If a record contains a picture, leave the picture out and copy everything else exactly.
+===+
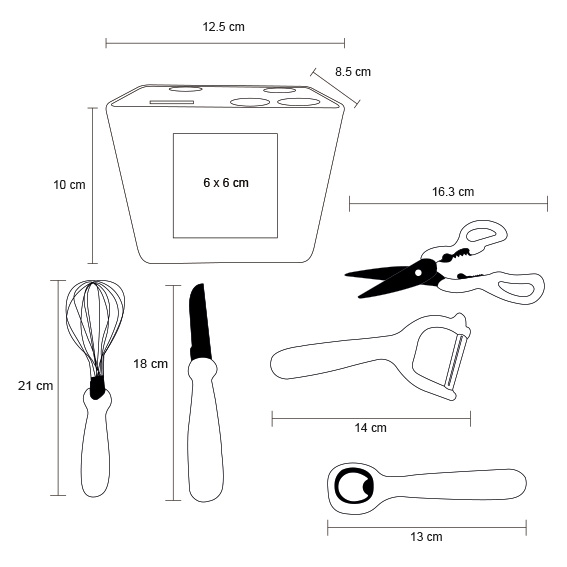 Kit para cocina que incluye cuchillo, batidor, tijeras, destapador, pelador y una base para soporte.
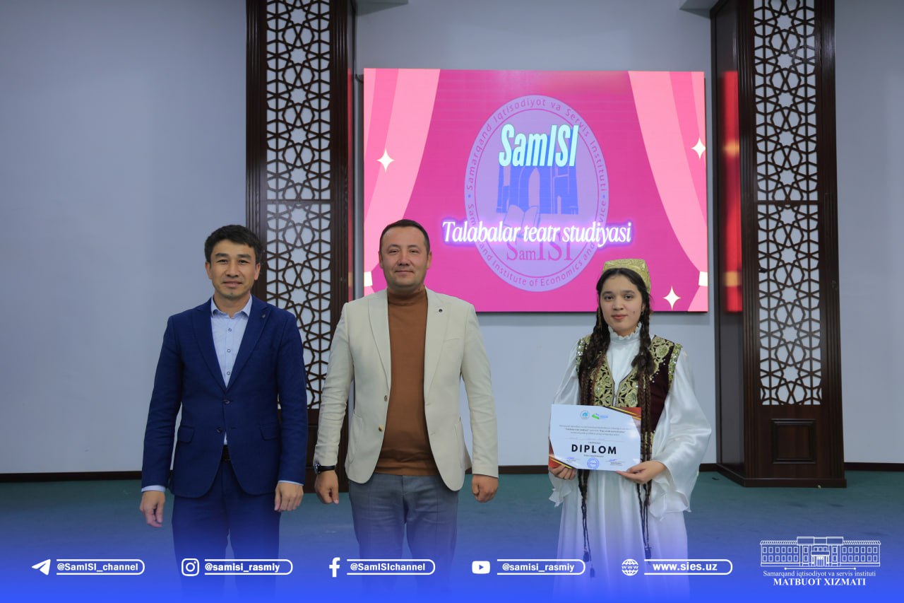 "Dolzarb mavzuning sahnaviy talqini" – Iqtisodiyot fakulteti jamoasi;
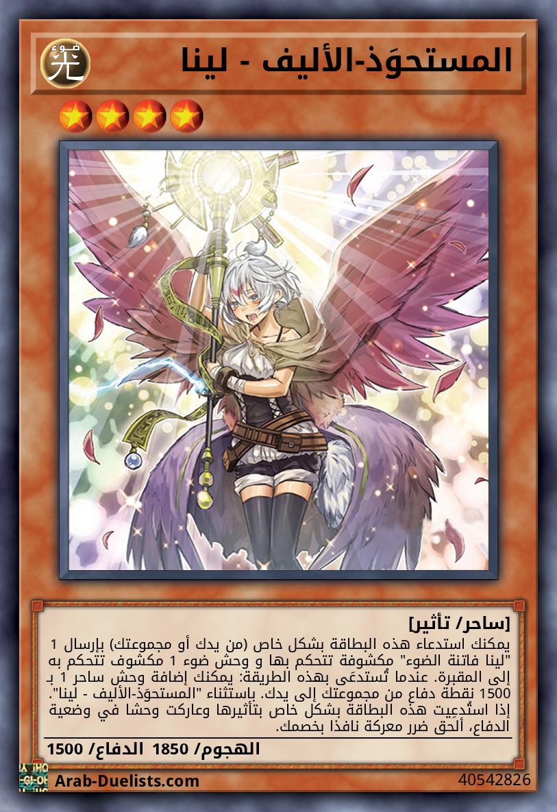 يمكنك استدعاء هذه البطاقة بشكل خاص (من يدك أو مجموعتك) بإرسال 1 "لينا فاتنة الضوء" مكشوفة تتحكم بها و وحش ضوء 1 مكشوف تتحكم به إلى المقبرة. عندما تُستدعَى بهذه الطريقة: يمكنك إضافة وحش ساحر 1 بـ 1500 نقطة دفاع من مجموعتك إلى يدك. باستثناء "المستحوَذ-الأليف - لينا". إذا استُدعِيت هذه البطاقة بشكل خاص بتأثيرها وعاركت وحشا في وضعية الدفاع، ألحق ضرر معركة نافذا بخصمك. |
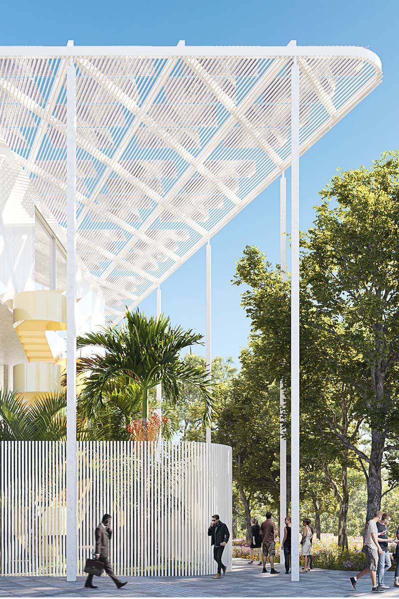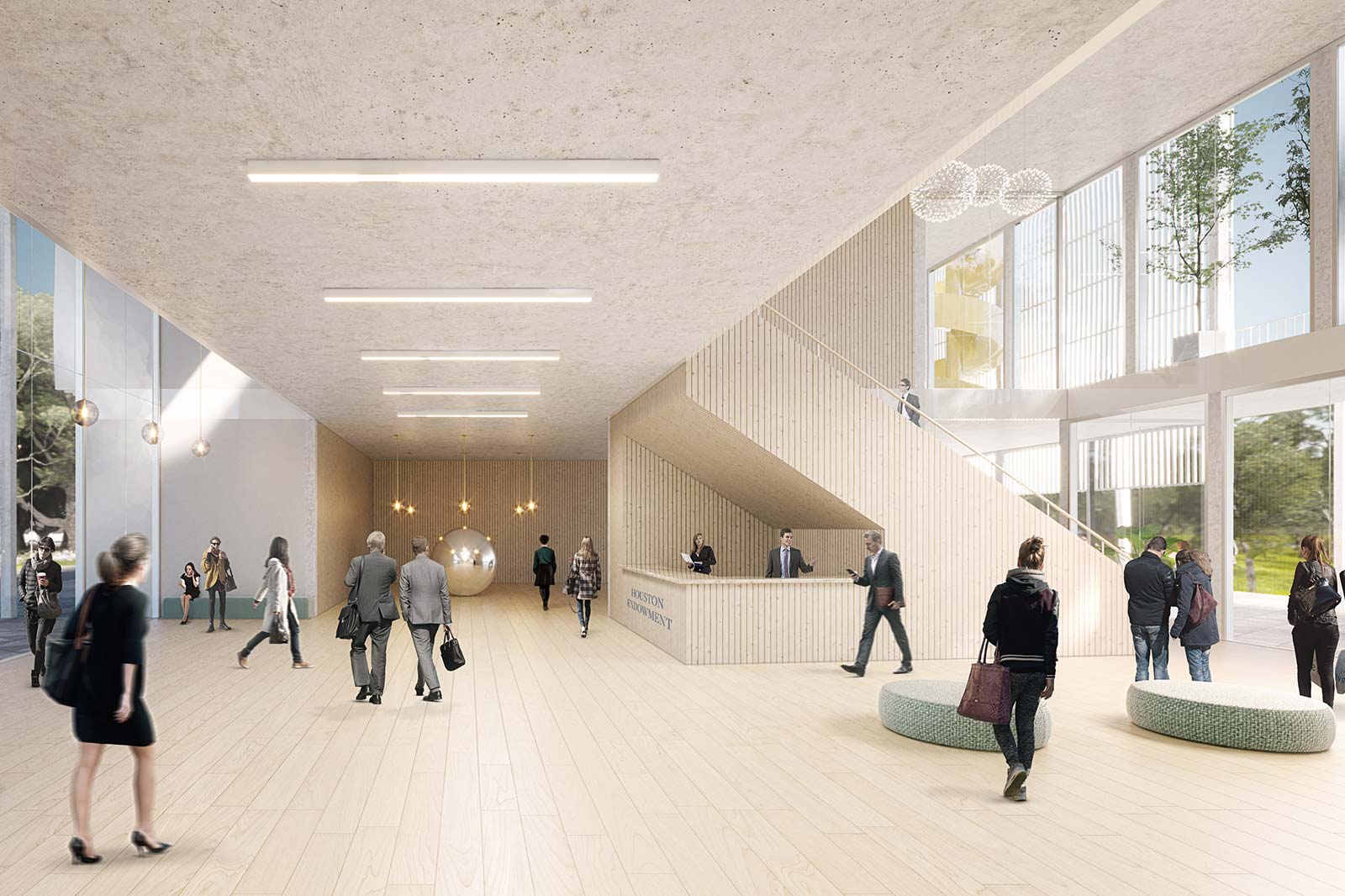 It will provide office space, including large, multi-use on-site event and meeting rooms, a mix of closed and open workspaces for the foundation's staff and flexible conference rooms. Slender concrete columns give the building a versatile and efficient structure in which activities can be arranged in an informal manner.
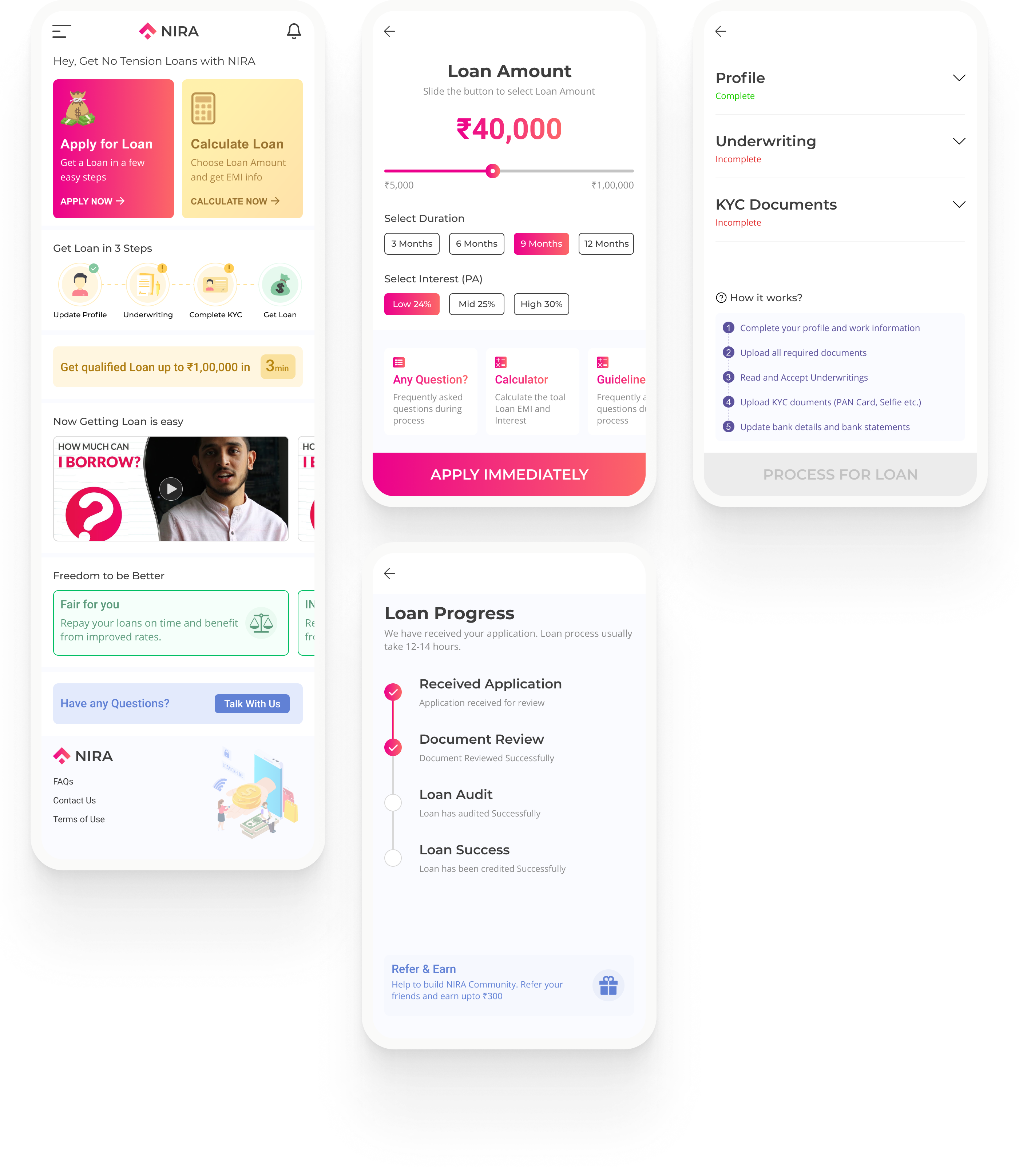 2. Progress Page - When the user submits the application, he/she needs to wait until the application passes and Loan Transferred. Depending on process time. There is no way for the user to know if at what stage his/her application procced till now.
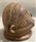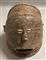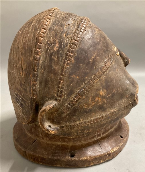 Arte africana, maschera casco in legno scolpito, tracce di pigmenti e cauri per occhi (h cm 28) (difetti e mancanze)
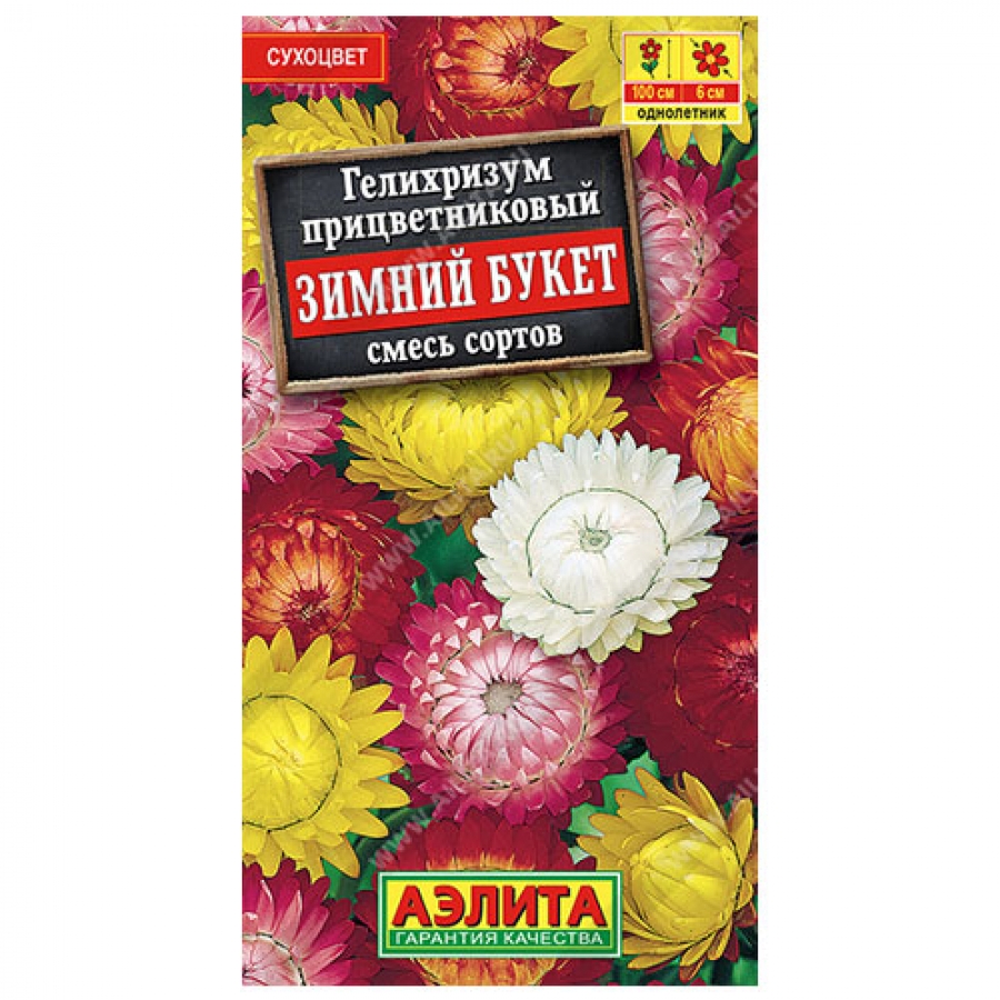 Самый распространенный сухоцвет. Известен также под названиями цмин, бессмертник, иммортель. Эффектный, высокорослый (100 см) летник с яркими, махровыми соцветиями-корзинками Ø 5-6 см, которые имеют пленчатые, «шуршащие» лепестки. Растение обладает терпким ароматом с легкой горечью, как у степной полыни. Летом и осенью кусты отлично украшают цветники. Жесткие соцветия прекрасно выносят летнюю жару. Для зимних букетов их срезают в полуроспуске и подвешивают головками вниз в тенистом месте для сушки.
+===+
* [Solution below]
 Kit para cocina que incluye cuchillo, batidor, tijeras, destapador, pelador y una base para soporte.
 "Dolzarb mavzuning sahnaviy talqini" – Iqtisodiyot fakulteti jamoasi;
 يمكنك استدعاء هذه البطاقة بشكل خاص (من يدك أو مجموعتك) بإرسال 1 "لينا فاتنة الضوء" مكشوفة تتحكم بها و وحش ضوء 1 مكشوف تتحكم به إلى المقبرة. عندما تُستدعَى بهذه الطريقة: يمكنك إضافة وحش ساحر 1 بـ 1500 نقطة دفاع من مجموعتك إلى يدك. باستثناء "المستحوَذ-الأليف - لينا". إذا استُدعِيت هذه البطاقة بشكل خاص بتأثيرها وعاركت وحشا في وضعية الدفاع، ألحق ضرر معركة نافذا بخصمك. |
 It will provide office space, including large, multi-use on-site event and meeting rooms, a mix of closed and open workspaces for the foundation's staff and flexible conference rooms. Slender concrete columns give the building a versatile and efficient structure in which activities can be arranged in an informal manner.
 2. Progress Page - When the user submits the application, he/she needs to wait until the application passes and Loan Transferred. Depending on process time. There is no way for the user to know if at what stage his/her application procced till now.
 Arte africana, maschera casco in legno scolpito, tracce di pigmenti e cauri per occhi (h cm 28) (difetti e mancanze)
 Самый распространенный сухоцвет. Известен также под названиями цмин, бессмертник, иммортель. Эффектный, высокорослый (100 см) летник с яркими, махровыми соцветиями-корзинками Ø 5-6 см, которые имеют пленчатые, «шуршащие» лепестки. Растение обладает терпким ароматом с легкой горечью, как у степной полыни. Летом и осенью кусты отлично украшают цветники. Жесткие соцветия прекрасно выносят летнюю жару. Для зимних букетов их срезают в полуроспуске и подвешивают головками вниз в тенистом месте для сушки.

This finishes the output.